In the dining room, Mom set each plate down with a loud thunk on its yellow flowered place mat. Every few seconds, she glanced at Dad where he now sat behind the newspaper. Then, she cast her eyes quickly, furtively, at the baby grand piano that hunched like a black bear in a corner of the living room. It wasn’t more than fifteen feet away from her, but she measured the distance as if she were hatching her escape route over the Alps.
Mom disappeared back into the kitchen. Still reading his newspaper, clutching the pages with his big, freckled hands, my father had one ear cocked to the sounds coming from the kitchen as she got ready for dinner– the clang of the stewpot on the stove, the thook of the refrigerator door, the clomp of her shoes around the table. She walked like that, her feet flat and heavy. Sometimes, she whistled, purposefully or not, her lips pursed to a precise, tiny point.
Out of the corner of my eye, I saw Dad turn his head slightly as, like a cat that’s done with its racket in the alley, Mom eased back into the dining room, quietly slipping off her apron.
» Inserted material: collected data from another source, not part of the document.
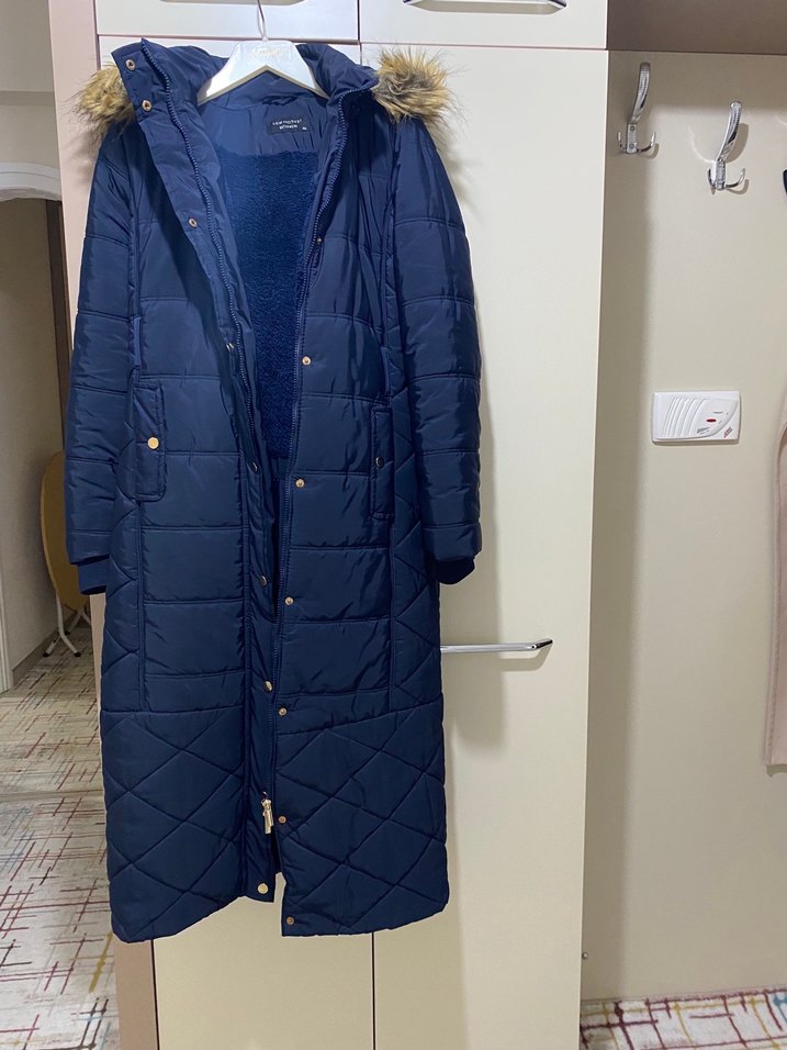 Lacivert uzun kışlık mont, kürklü birkaç defa giydim hiçbir defosu yoktur kalıp olarak 38 beden olanlarda tercih edebilir
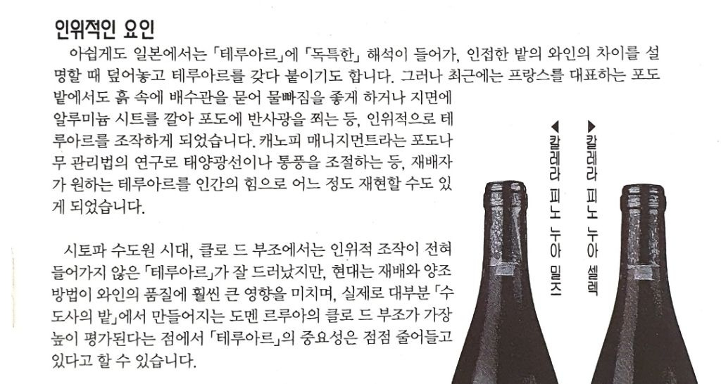 아쉽게도 일본에서는 [테루아르]에 독특한 해석이 들어가, 인접한 밭의 와인의 차이를 설명할 때 덮어놓고 테루아르를 갖다 붙이기도 함니다. 그러나 최근에는 프랑스를 대표하는 포도밭에서도 흙 속에 배수관을 묻어 물빠짐을 좋게 하거나 지면에 알루미늄 시트를 깔아 포도에 반사광을 죄는 등, 인위적으로 테루아르를 조작하게 되었습니다. 캐노피 매니지먼트라는 포도나
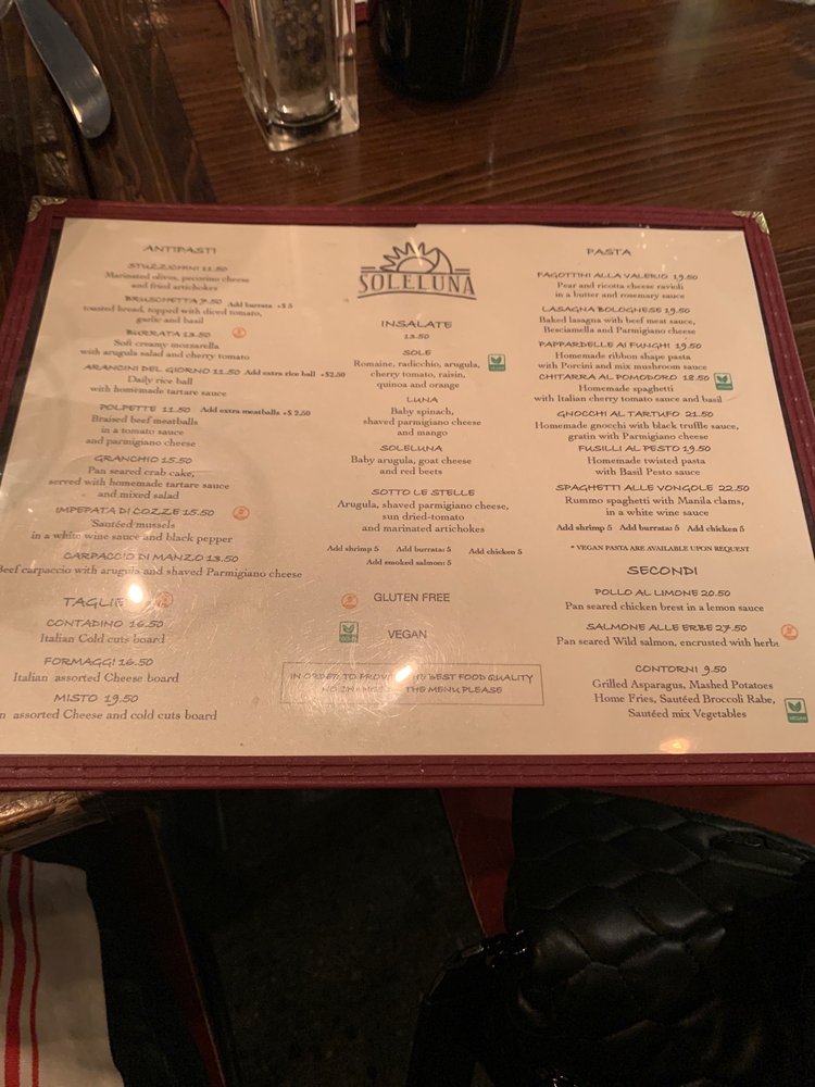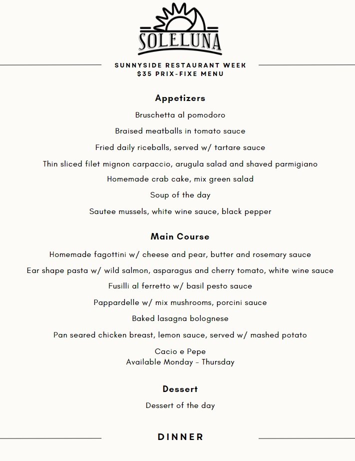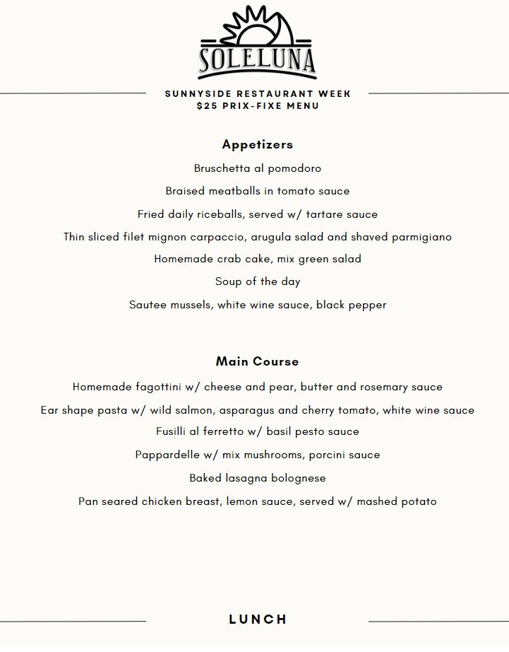 Introducing SoleLuna Restaurant, a gem in Sunnyside, NY. This cozy spot offers a variety of Italian dishes with options for vegans and limited vegetarians. From Arancini to Polpette, the Stuzzichini E Antipasti selections are a delightful start. The Pasta menu features classics like Lasagna Bolognese and innovative dishes like Gnocchi al tartufo. Customers rave about the warm ambiance and attentive service, making dining here a memorable experience. With fresh ingredients and generous portion sizes, SoleLuna Restaurant truly impresses. Don't miss out on their delicious offerings, such as the Faggotini alla Valerio and mushroom pasta. Whether you're craving pasta, pizza, or cocktails, SoleLuna Restaurant is a must-visit destination for authentic Italian cuisine in Queens.
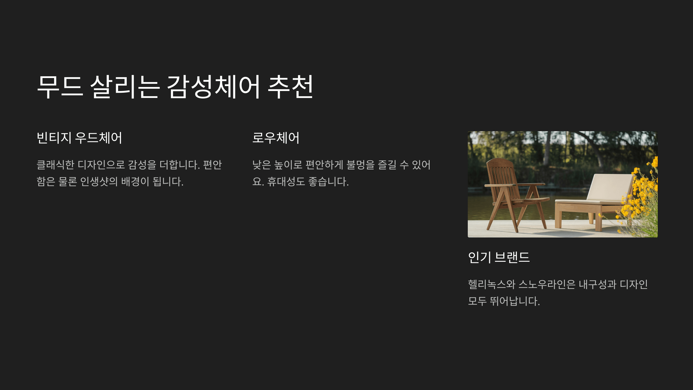 | 감성체어 | 휴식, 불멍용 | 우드 프레임, 천연 패브릭 |
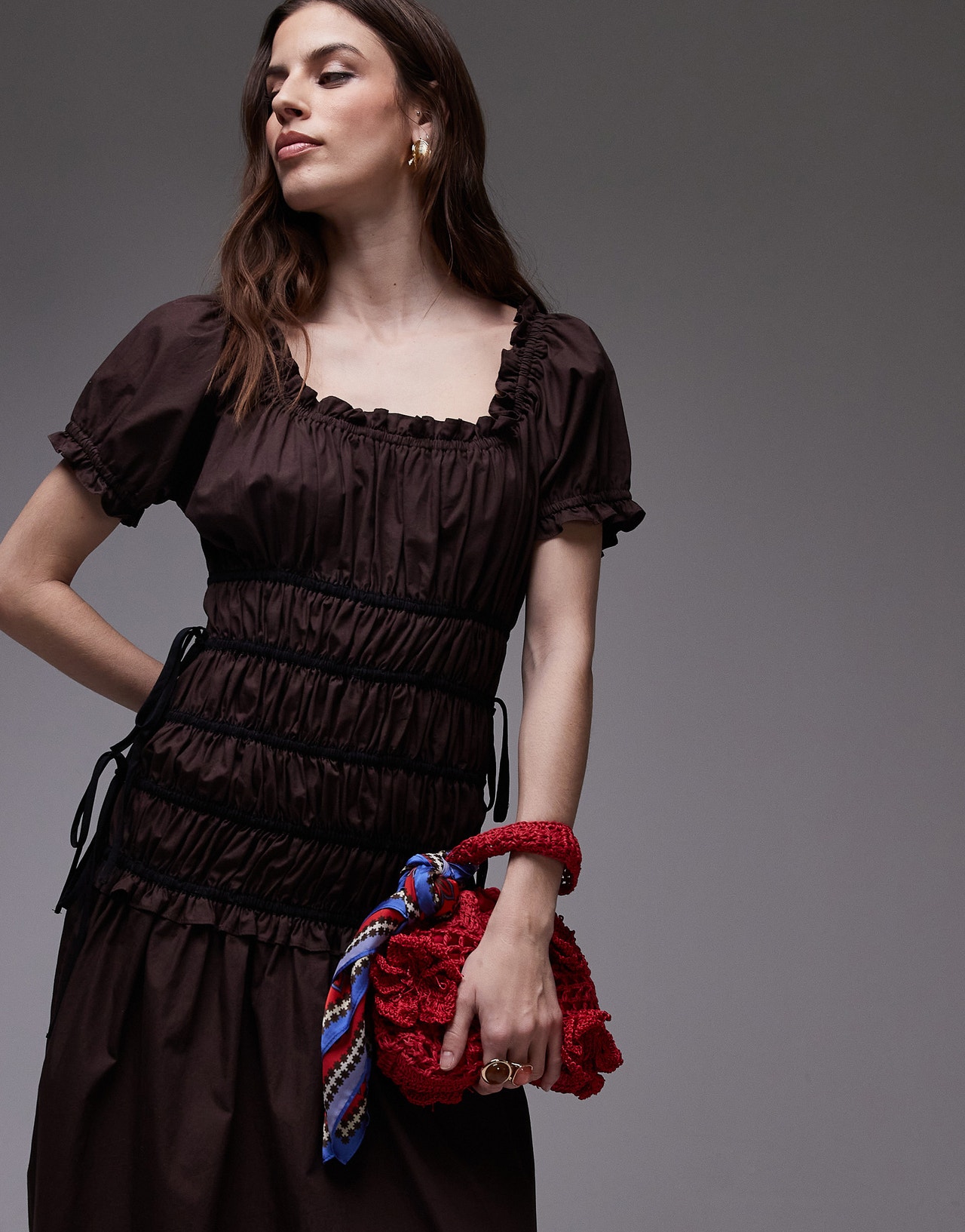 Topshop cap sleeve shirred dress with tie sides in brown with contrast black ties - BRONZE
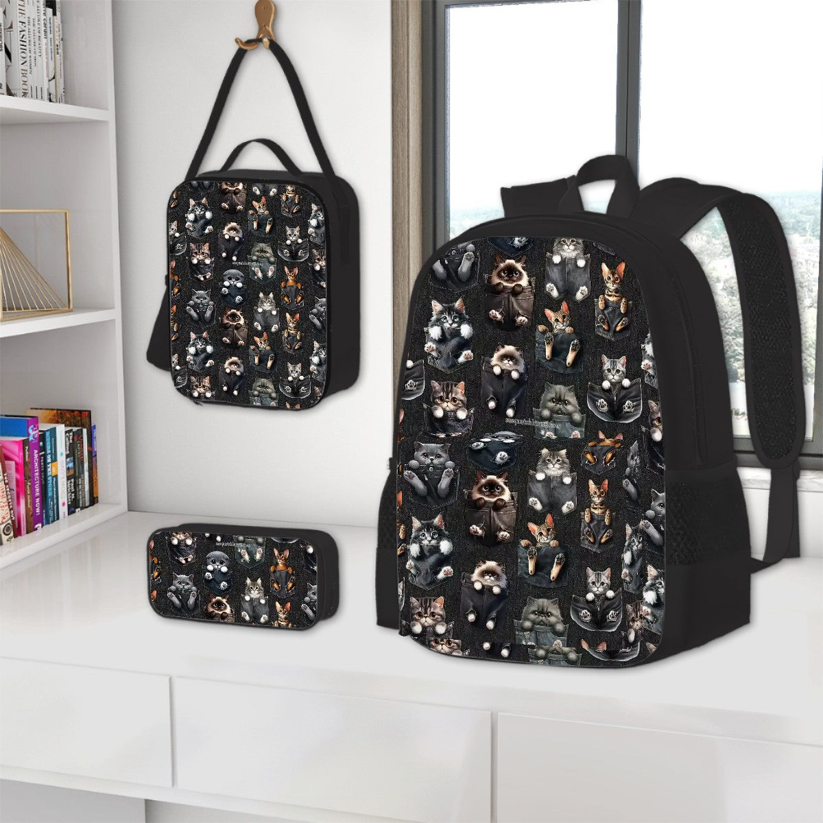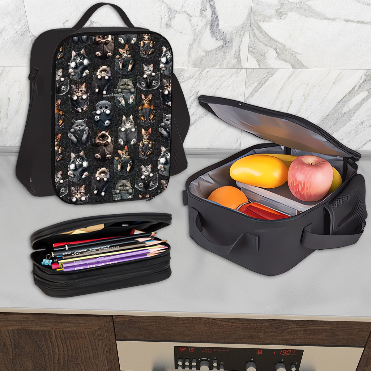Kittens in Pockets, 3 Piece Bag Set – Oxford Backpack, Lunch Bag, Pencil Pouch
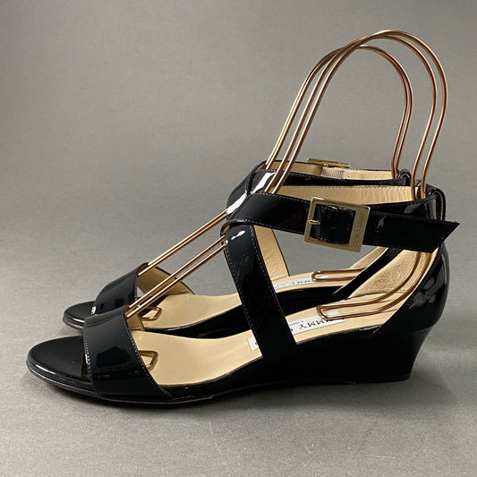 3f18 《美品》 JIMMY CHOO ジミーチュウ CHIARA エナメル アンクルストラップサンダル 36 1/2 ブラック パテントレザー イタリア製 シューズ

I softly turned a page in my book as Mom began to tiptoe towards the living room, first slowly, then a little more quickly. Soon she was almost running, her eyes locked on the finish line, the piano. Dad crushed the newspaper into his lap and glared at her. She slid onto the piano bench, scooted it out slightly, then, in one smooth motion, pulled out her yellow Schirmer’s book of Chopin waltzes from a stack on top of the piano and opened it on the stand above the keyboard, victorious.
Her back a wall, her eyes focused only and completely on the notes in front of her, she began to play. Her long brown-black hair, pulled back in a ponytail, quivered as she moved her head just a little, this way, that way.
Adrian, June, and I didn’t move a muscle, afraid that the slightest movement would break the spell and back she’d go into the kitchen, where she’d move slowly about the stove, her eyes still and far away. We held our breath as she searched for the first note. Our dog, Paulette, whose brown fur stood up every which way, lay still against the couch with her chin on June’s foot. She slid her dark eyes from Dad to Mom, then back to Dad, moving nothing else but her archy eyebrows.
The waltz started on a single B-flat that stabbed the air once as if to get someone’s attention, then repeated, like a poke over and over that said, Come on, I mean it, look at me and listen to this, but then just as you turned to hear what it had to say, that note began to run, and it kept running, dancing as it went, turning back to laugh at you as it whirled across the floor.
As she played, my mother’s touch lightened. Her hands must have been slightly wet still from rinsing lettuce because, without missing a beat, she quickly snatched her left hand from the keys and wiped it on her shift, then brought it back to the keyboard just in time. She played now delicately, as if touching the head of a new chick, then firmly, as if telling you what to do, always with exactness, as if the dancers depended on her alone. They twirled and skated across the floor, not caring at all about the fading light outside the window, about the drifting smells of chicken and potatoes and the broccoli starting to burn as the water boiled away.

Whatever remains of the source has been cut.